> [SOURCE MATERIAL]:
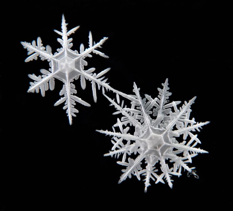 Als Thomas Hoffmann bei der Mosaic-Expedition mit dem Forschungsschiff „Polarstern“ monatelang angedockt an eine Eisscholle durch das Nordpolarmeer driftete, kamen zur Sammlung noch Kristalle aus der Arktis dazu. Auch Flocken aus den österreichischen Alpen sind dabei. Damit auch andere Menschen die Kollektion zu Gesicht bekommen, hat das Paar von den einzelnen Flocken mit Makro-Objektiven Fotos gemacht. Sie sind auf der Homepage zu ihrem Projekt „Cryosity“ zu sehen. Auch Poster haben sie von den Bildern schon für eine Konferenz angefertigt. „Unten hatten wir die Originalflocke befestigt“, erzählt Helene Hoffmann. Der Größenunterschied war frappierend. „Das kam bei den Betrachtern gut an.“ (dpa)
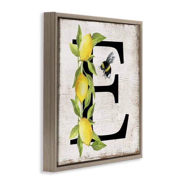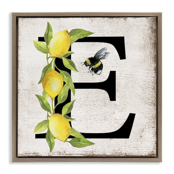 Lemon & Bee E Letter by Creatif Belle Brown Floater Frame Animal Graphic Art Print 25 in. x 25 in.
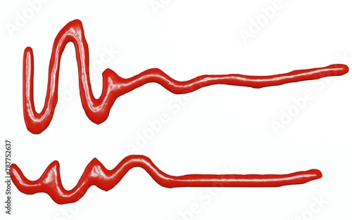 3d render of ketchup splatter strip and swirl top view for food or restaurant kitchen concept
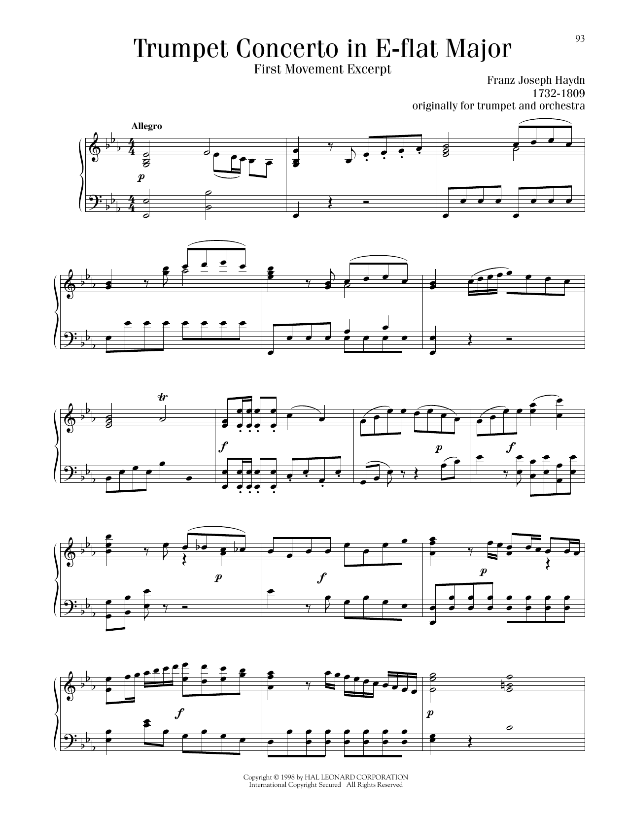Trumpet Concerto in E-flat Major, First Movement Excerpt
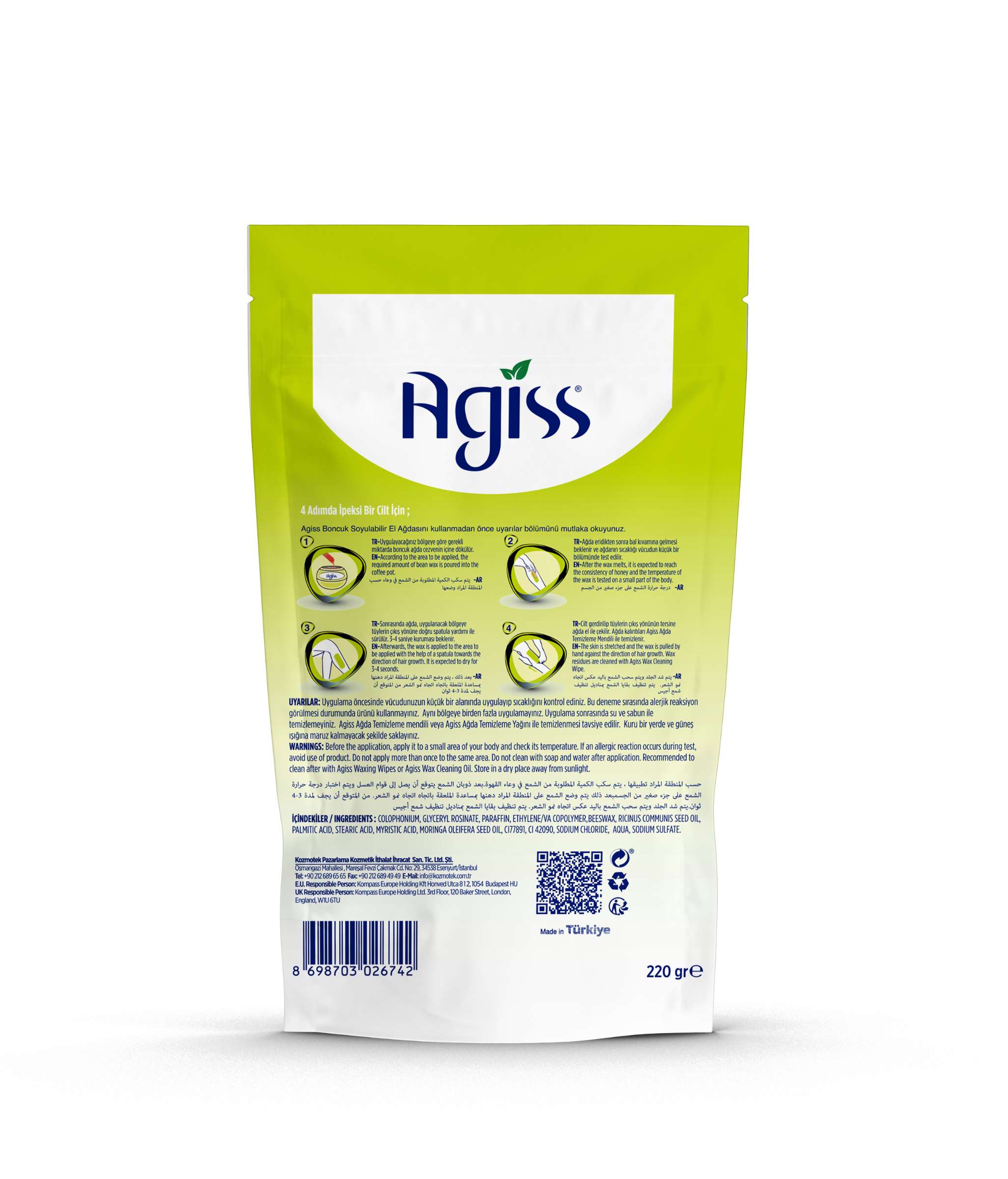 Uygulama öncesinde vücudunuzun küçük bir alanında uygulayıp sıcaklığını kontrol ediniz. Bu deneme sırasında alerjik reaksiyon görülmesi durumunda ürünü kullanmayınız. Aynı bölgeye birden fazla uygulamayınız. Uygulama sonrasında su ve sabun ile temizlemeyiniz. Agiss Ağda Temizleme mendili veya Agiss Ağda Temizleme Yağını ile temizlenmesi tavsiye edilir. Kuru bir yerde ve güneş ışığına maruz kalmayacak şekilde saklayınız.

> [INSTRUCTIONS TO FOLLOW]:
Reproduce the material exactly; omit the pictures.

> [EXERCISE OUTPUT]:
 Als Thomas Hoffmann bei der Mosaic-Expedition mit dem Forschungsschiff „Polarstern“ monatelang angedockt an eine Eisscholle durch das Nordpolarmeer driftete, kamen zur Sammlung noch Kristalle aus der Arktis dazu. Auch Flocken aus den österreichischen Alpen sind dabei. Damit auch andere Menschen die Kollektion zu Gesicht bekommen, hat das Paar von den einzelnen Flocken mit Makro-Objektiven Fotos gemacht. Sie sind auf der Homepage zu ihrem Projekt „Cryosity“ zu sehen. Auch Poster haben sie von den Bildern schon für eine Konferenz angefertigt. „Unten hatten wir die Originalflocke befestigt“, erzählt Helene Hoffmann. Der Größenunterschied war frappierend. „Das kam bei den Betrachtern gut an.“ (dpa)
 Lemon & Bee E Letter by Creatif Belle Brown Floater Frame Animal Graphic Art Print 25 in. x 25 in.
 3d render of ketchup splatter strip and swirl top view for food or restaurant kitchen concept
Trumpet Concerto in E-flat Major, First Movement Excerpt
 Uygulama öncesinde vücudunuzun küçük bir alanında uygulayıp sıcaklığını kontrol ediniz. Bu deneme sırasında alerjik reaksiyon görülmesi durumunda ürünü kullanmayınız. Aynı bölgeye birden fazla uygulamayınız. Uygulama sonrasında su ve sabun ile temizlemeyiniz. Agiss Ağda Temizleme mendili veya Agiss Ağda Temizleme Yağını ile temizlenmesi tavsiye edilir. Kuru bir yerde ve güneş ışığına maruz kalmayacak şekilde saklayınız.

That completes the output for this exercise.